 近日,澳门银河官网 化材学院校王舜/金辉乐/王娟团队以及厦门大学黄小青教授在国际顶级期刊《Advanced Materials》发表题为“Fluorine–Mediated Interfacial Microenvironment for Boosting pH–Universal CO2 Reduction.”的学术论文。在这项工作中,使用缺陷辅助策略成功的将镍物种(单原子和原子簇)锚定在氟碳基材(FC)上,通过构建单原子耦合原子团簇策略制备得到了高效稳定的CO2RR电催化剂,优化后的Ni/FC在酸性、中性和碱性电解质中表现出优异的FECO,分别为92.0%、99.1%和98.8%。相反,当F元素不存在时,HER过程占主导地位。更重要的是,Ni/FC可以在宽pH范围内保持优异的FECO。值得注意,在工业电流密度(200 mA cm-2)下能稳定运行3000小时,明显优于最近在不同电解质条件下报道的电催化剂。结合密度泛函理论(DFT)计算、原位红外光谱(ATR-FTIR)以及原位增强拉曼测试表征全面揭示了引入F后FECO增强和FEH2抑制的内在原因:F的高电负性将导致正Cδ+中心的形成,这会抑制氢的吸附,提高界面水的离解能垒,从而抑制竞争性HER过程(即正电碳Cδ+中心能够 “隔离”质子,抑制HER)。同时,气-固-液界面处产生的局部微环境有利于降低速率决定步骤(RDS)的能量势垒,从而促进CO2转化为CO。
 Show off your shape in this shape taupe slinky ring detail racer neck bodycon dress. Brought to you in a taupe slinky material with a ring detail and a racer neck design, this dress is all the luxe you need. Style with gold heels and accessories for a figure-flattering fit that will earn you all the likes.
====================
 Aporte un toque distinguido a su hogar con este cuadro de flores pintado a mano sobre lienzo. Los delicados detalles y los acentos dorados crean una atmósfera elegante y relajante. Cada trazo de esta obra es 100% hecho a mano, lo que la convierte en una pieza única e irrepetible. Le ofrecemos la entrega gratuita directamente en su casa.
====================
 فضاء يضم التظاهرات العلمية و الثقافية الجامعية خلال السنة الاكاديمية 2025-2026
====================
* **Exercise instructions**: Please give again the lines above between the line holding "Interfacial Microenvironment for" and the line holding "Show off your", inclusive, exactly as they are and with nothing added.

* **Written solution**:
 近日,澳门银河官网 化材学院校王舜/金辉乐/王娟团队以及厦门大学黄小青教授在国际顶级期刊《Advanced Materials》发表题为“Fluorine–Mediated Interfacial Microenvironment for Boosting pH–Universal CO2 Reduction.”的学术论文。在这项工作中,使用缺陷辅助策略成功的将镍物种(单原子和原子簇)锚定在氟碳基材(FC)上,通过构建单原子耦合原子团簇策略制备得到了高效稳定的CO2RR电催化剂,优化后的Ni/FC在酸性、中性和碱性电解质中表现出优异的FECO,分别为92.0%、99.1%和98.8%。相反,当F元素不存在时,HER过程占主导地位。更重要的是,Ni/FC可以在宽pH范围内保持优异的FECO。值得注意,在工业电流密度(200 mA cm-2)下能稳定运行3000小时,明显优于最近在不同电解质条件下报道的电催化剂。结合密度泛函理论(DFT)计算、原位红外光谱(ATR-FTIR)以及原位增强拉曼测试表征全面揭示了引入F后FECO增强和FEH2抑制的内在原因:F的高电负性将导致正Cδ+中心的形成,这会抑制氢的吸附,提高界面水的离解能垒,从而抑制竞争性HER过程(即正电碳Cδ+中心能够 “隔离”质子,抑制HER)。同时,气-固-液界面处产生的局部微环境有利于降低速率决定步骤(RDS)的能量势垒,从而促进CO2转化为CO。
 Show off your shape in this shape taupe slinky ring detail racer neck bodycon dress. Brought to you in a taupe slinky material with a ring detail and a racer neck design, this dress is all the luxe you need. Style with gold heels and accessories for a figure-flattering fit that will earn you all the likes.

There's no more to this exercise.